Kabupaten/kota perlu diberikan tambahan pendapatan dengan memberikan
kewenangan penuh memungut pajak sampai dengan besaran tertentu. Pemerintah
kabupaten/kota diberikan wewenang untuk menetapkan dasar pengenaan pajak (tax-base)
dan tarif sampai dengan batas tertentu atas kedua jenis pajak tersebut,
meskipun untuk sementara aktu administrasinya akan tetap dilakukan oleh
pemerintah pusat,. Kebijakan ini sekaligus diharapkan dapat menghilangkan upaya
daerah untuk menggali sumber-sumber PAD yang berdampak distorrsif terhadap
perekonomian. Dipihak lain, dilihat dari sisi kewenangan yang menjadi tanggung
jawab daerah, Indonesia tergolong negara yang melaksanakan desentralisasi
dengan suatu proses yang big-bang. Hal ini dapat dilihat dari pergeseran expenditure
assignment yang dilaksanakan oleh daeraah pada tahun 1990-an sebesar 16.59%
dari otal consolidated expenditure (APBD+APBN) meningkat menjadi 27,78
pada tahun 2001.
Berdasarkan uraian tersebut, penyelenggaraan otonomi daerah akan
dapat dilaksanakan dengan baik apabila didikung sumber-sumber pembiayaan yang
memadai. Salahsatunya adalah dengan meningkatkan kemampuan keuangan daerah bagi
penyelenggara rumah tangganya. Sekalipun demikian, otonomi daerah dalam
kerangka Negara Republik Indonesia, bukan hanya diukur dari jumlah PAD yang
dapat dicapai, tetapilebih dari itu yaitu sejauh mana pajak daerah dan
retribusi daerah dapat berperan dalam mengatur perekonomian masyarakat agar
dapat bertumbuh kembang, yang pada gilirannya dapat meningkatkan kesejahteraan
masyarakat di daerah.
BAB III
KESIMPULAN
Kesimpulan
yang dapat saya tarik dari pembahasan di atas dalah bahwa pajak daerah dan
retribusi daerah merupakan salah satu cara meningkatkan APBD tapi pajak dan
retribusi daerah itu harus dilaksanakan dengan benar dan adil oleh pemerintah
maupun pembayar pajak, di kenakannya sanksi terhadap orang yang menunggak ataun
menyalahkan aturan adalah hal yang benar, seperti yang terdapat pada
Undang-Undang Nomor 34 tahun 2000 tentang pajak daerah dan retribusi daerah.

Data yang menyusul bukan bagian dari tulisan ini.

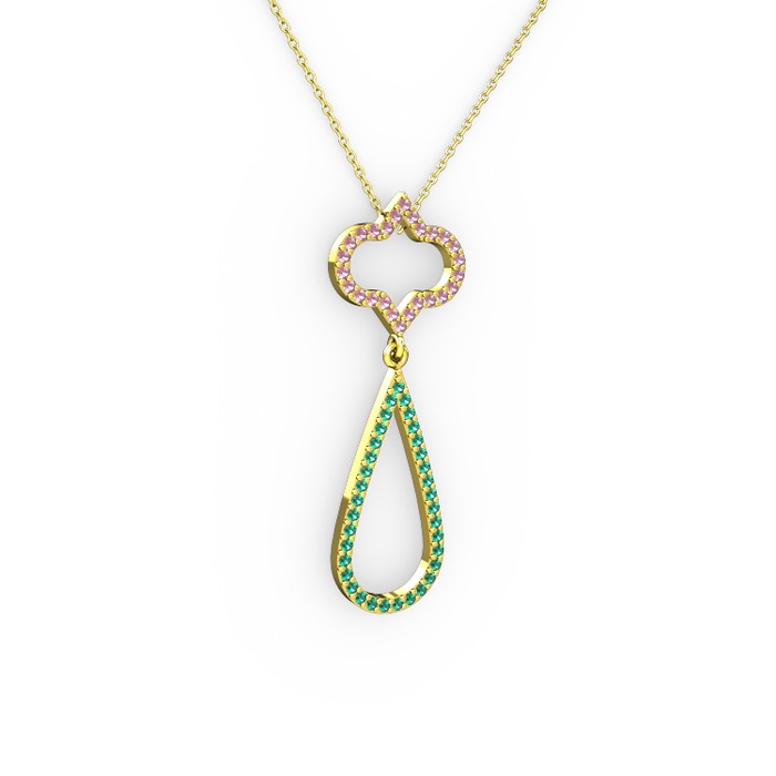 Pembe kuvars ve yeşil kuvars 8 ayar altın kolye (40 cm altın rolo zincir)

seperti juga dijelaskan di atas bahwa terdapat kategori-kategori atau
kriteria-kriteria pajak. Berapa tarif pajak yang di tetapkan yang harus sesuai
tidak menjadi beban bagi pembayar pajak, di jelaskan juga jenis-jenis pajak apa
saja yang di ambil sseperti pajak perhotelan, pajak hiburan, pajak restoran,
pajak reklame, pajak penerangan jalan, pajak pengambilan bahan galian golongan
C dan pajak parkir. Di harapkan dengan adanya pembayaran pajak dan retribusi
daerah yang tidak membebani masyarakat pembayar pajak dapat berpran mengatur
perekonomian masyarakat agar dapat bertumbuh kembang yang pada gilirannya dapat
meningkatkan kesejahteraan masyarakat di daerah.